Cytoplasmic extraction reagents (Pierce Biotechnology, Rockford, IL, USA) were used to obtain cytosolic proteins from the mice liver tissues, in accordance with the manufacturer’s instructions. Following the determination of the concentration of protein using the protein assay reagents, 20 μg protein was separated using 10% SDS-PAGE and transferred to nitrocellulose membranes, which was maintained at room temperature for 1 h in a buffer solution containing 5% dried skimmed milk. The membrane was incubated at room temperature for 3 h with mouse anti-heme oxygenase-1 (HO-1) monoclonal antibody (1:400; Abcam, Cambridge, UK), mouse anti-cytochrome c monoclonal antibody (1:200; Abcam), mouse anti-Bcl-2 monoclonal antibody (1:200; Abcam), mouse anti-Bax monoclonal antibody (1:200; Abcam) or mouse anti-GAPDH monoclonal antibody (1:200; Abcam), respectively, and with rabbit anti-mouse secondary antibody conjugated to horseradish peroxidase (1:10,000; Abcam) for 1 h. The signals on the membranes were detected using an enhanced chemiluminescence reagent (PerkinElmer, Waltham, MA, USA) and the densitometry was analyzed using Image-Pro plus software 6.0 (Media Cybernetics, Inc., Rockville, MD, USA).

All data are indicated as the mean ± standard error of the mean and were analyzed by one-way analysis of variance. P<0.05 was considered to indicate a statistically significant difference.

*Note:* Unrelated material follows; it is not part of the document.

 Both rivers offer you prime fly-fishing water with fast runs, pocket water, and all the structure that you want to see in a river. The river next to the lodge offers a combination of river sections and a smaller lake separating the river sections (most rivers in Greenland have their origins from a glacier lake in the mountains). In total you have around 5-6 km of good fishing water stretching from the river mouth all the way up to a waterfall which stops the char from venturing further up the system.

To evaluate the degree of hepatic injury in each group, the hepatic lipid peroxidation and GSH content were investigated in the liver tissue. As shown in Fig. 1A, the MDA level in the sham-operated liver tissues was 0.23±0.01 nmol/mg. However, the MDA level in the I/R group significantly increased to 0.46±0.04 nmol/mg, compared with that in the sham group (P<0.01). In the GP-treated I/R group, the MDA level was significantly reduced compared with the I/R group (P<0.01). In addition, as shown in Fig. 1B, the GSH:GSSG ratio in the I/R group was markedly decreased (from 8.44 to 3.61), when compared with that observed in the sham group (P<0.01), which was attenuated by pre-treatment with GP (P<0.01).

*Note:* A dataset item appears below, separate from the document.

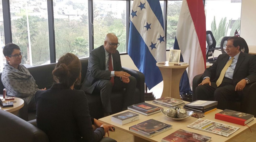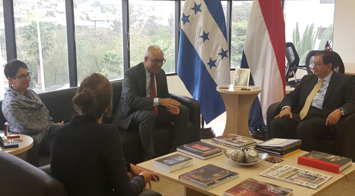 Derrek Hof realiza una visita de cortesía al país con el propósito de ratificar el deseo de su Gobierno de continuar estrechando las relaciones con Honduras y a la vez informarse de las circunstancias en que asumirá un nuevo período el presidente Juan Orlando Hernández.
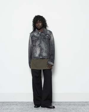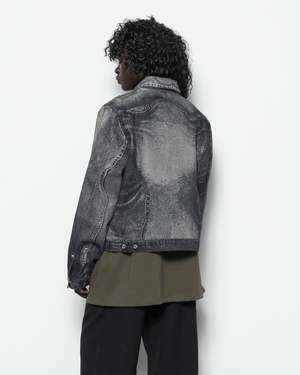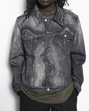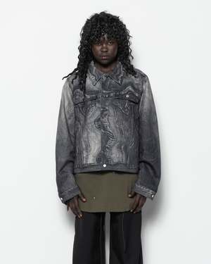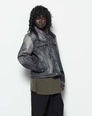 The Distorted Print Denim Jacket is a relaxed-fit cotton-blend denim jacket featuring the brands signature trompe-l'il digital print throughout. It is fitted with a pointed collar, silver-tone button closure, barrel cuffs, flap pockets and welt pockets, and adjustable button tabs at the back hem. - 76% Organic cotton, 24% Recycled cotton. - Made in Portugal. - Machine wash cold, line dry. Sebito is 5'9 (175cm) and is wearing a size S.

The activity of serum ALT and AST was determined in each group. As shown in Fig. 2, the activity of serum ALT and AST was 97.4±9.9 U/l and 107.9±12.1 U/l, respectively, in the sham group. However, the activity of serum ALT and AST in the I/R group was significantly increased (4,833±242 U/l and 4,426±142 U/l, respectively) when compared with those in the sham group (P<0.01). Furthermore, these increases were significantly attenuated by pre-treatment with GP prior to I/R (P<0.01).

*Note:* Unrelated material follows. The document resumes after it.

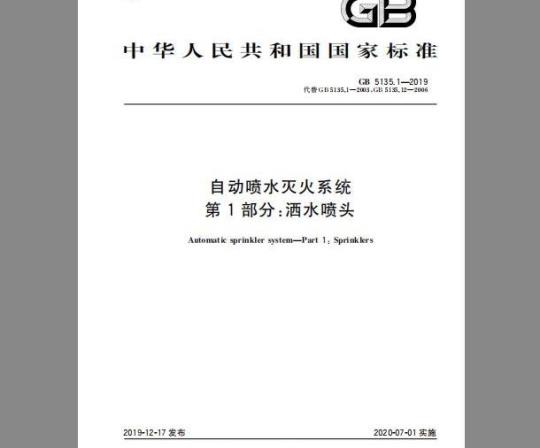 GB5135的本部分规定了自动喷水灭火系统洒水喷头的分类、公称流量系数、接口螺纹、颜色标志、型号、要求、试验方法、检验规则、使用说明书和包装、运输、贮存等。

HO-1, a protein that is ubiquitously expressed in various cells, may be markedly induced by numerous stress stimuli, including I/R (10). Therefore, the protein expression of HO-1 was determined in each group. As demonstrated in Fig. 3, the protein expression level of HO-1 notably increased following 6 h of reperfusion compared with the sham group (P<0.01); however, the increase was attenuated by pre-treatment with GP prior to I/R (P<0.01).

To determine the apoptosis level in the liver tissues in each group, the expression levels of two apoptotic-related proteins, Bcl-2 and Bax, were determined via a western blot assay. As demonstrated in Fig. 4A, the protein expression level of anti-apoptotic Bcl-2 was lower in the I/R group compared with the sham group, which was attenuated by pre-treatment with GP. Consistently, the protein level of pro-apoptotic Bax was upregulated in the I/R group, when compared with that observed in the sham group, which was markedly attenuated by the administration of GP.

In addition, the activity of caspase-3 and -8, two important indicators for cell apoptosis, was determined. As shown in Fig. 4B, the caspase-3 and -8 activities in the I/R group was significantly increased when compared with that observed in the sham group; however, this increase was attenuated by pre-treatment with GP.

In the I/R group, the protein level of cytochrome c in the cytosol was significantly higher following 6 h of reperfusion, when compared with that observed in the sham group. However, these increases were significantly attenuated by pre-treatment with GP (Fig. 4C).